L’armoise (Artemisa vulgaris) est une herbe vivace haute de 40-80 cm, à feuilles pennati partîtes, vertes en dessus, tomenteuses et blanches en dessous. Elle se rencontre en Asie et en Europe, poussant à l’état sauvage au bord des routes ou cultivée dans les jardins. C’est l’une des 16 plantes médicinales dont notre ministère de la Santé encourage la culture dans les jardins de plantes médicinales à l’échelon village.
On cueille les feuilles en été, souvent à la période du Têt du 5e jour du 5e mois lunaire. Avec d’autres parties de la plante, elles sont employées fraîches ou séchées à l’ombre. L’armoise contient une huile à cinéol et alpha-thuyone.
Employée dans la médecine occidentale, elle est surtout prisée par la médecine orientale qui la considère excellente pour les femmes. C’est un médicament tonique, antispasmodique, emménagogue. On le prescrit également contre la menace d’avortement, la dysenterie, le vomissement, la colique, le rhumatisme, la névralgie, le mal de tête.
Chez nous, plusieurs recettes traditionnelles font usage de l’armoise: cataplasme contre le mal de tête, le rhumatisme, les douleurs lombaires, bain de valeur d’armoise… Après les couches, les femmes prennent le suc donné par l’armoise broyée. Les infusions de feuilles de ngai cuu peuvent guérir certaines maladies de la peau et embellir le teint des femmes. L’armoise est adoptée par notre physiothérapie moderne.

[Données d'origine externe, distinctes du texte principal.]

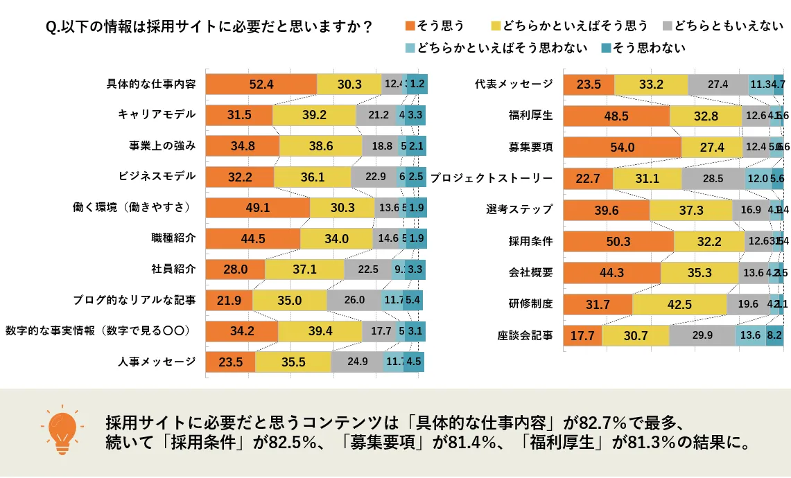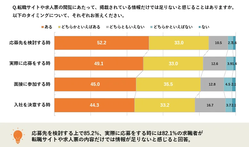 特に「応募先を検討する」タイミングでは、85.2%が転職サイトや求人票の情報だけでは不足していると回答しました。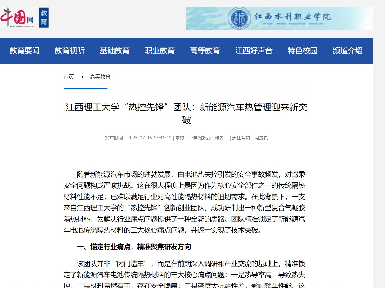 首批“科创中国”创新基地的支持下,学校为“热控先锋”团队提供了近100平方米的创业孵化场地,为此次技术攻关提供了坚实的支撑。团队成功研发的新型复合气凝胶隔热材料,不仅展现了卓越的科研实力,也为新能源汽车的安全未来贡献了“江理”力量。“这次的研究成果仅仅是一个起点,未来,我们希望这项技术能真正走向市场,不仅为新能源汽车提供更可靠的安全守护,也能在航空航天、节能建筑等领域得到应用,在更广阔的舞台上展现中国新一代科研工作者的潜力与担当。”该团队指导教师张思钊博士在谈及此次进展时表示。(文/余帅、宋彤图/戴磊)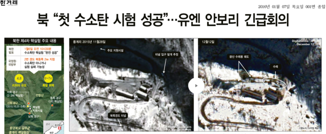 이날 경향신문과 동아일보, 조선일보, 중앙일보. 한겨레신문 등 대다수의 주요일간지는 이번 북한의 핵실험과 관련한 소식을 1면 톱으로 보도했다. 경향신문은 <북, 깜짝 4차 핵실험...국제사회 향한 ‘김정은의 핵도박’>이라는 헤드라인으로 “미국이 대통령 선거 국면에 들어가고 북중관계가 소원해진 상태에서 이뤄진 이번 핵실험으로 북핵 문제는 동북아시아는 물론 세계안보질서에 중대 변수로 떠오를 것”이라고 전했다. 경향은 이어 “지난해 8.25 합의 이후 형성된 남북관계 개선에 대한 기대감도 소멸될 것”이라고 분석했다.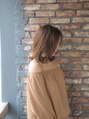 鎖骨にあたって外側に跳ねるのを計算して作ってあるスタイルになります!!ぱっつんボブとは違い、毛先は内側に入るようにカットをし自然に外にハネるのが今どき☆カラーリングは、落ち着いたいろのベージュブラウンで!

La combustion du moxa, variété d’armoise, se réfère aux principes de l’acupuncture. Certains points cutanés deviennent douloureux aussitôt qu’il y a trouble d’une fonction ou d’un organe rapproché ou non de ce point; aussi agit-on sur l’organe en relation avec lui par l’excitation de ce point. Au lieu de provoquer l’excitation par une aiguille (acupuncture), on le fait en brûlant un bâtonnet de moxa séché sur les points cutanés concernés. On peut guérir les douleurs lombaires avec des compresses de feuilles d’armoise fraîches torréfiées à la température à plus élevée que le patient puisse supporter.
Le bain de vapeur d’armoise à 25-30°C de température s’avère aussi efficace.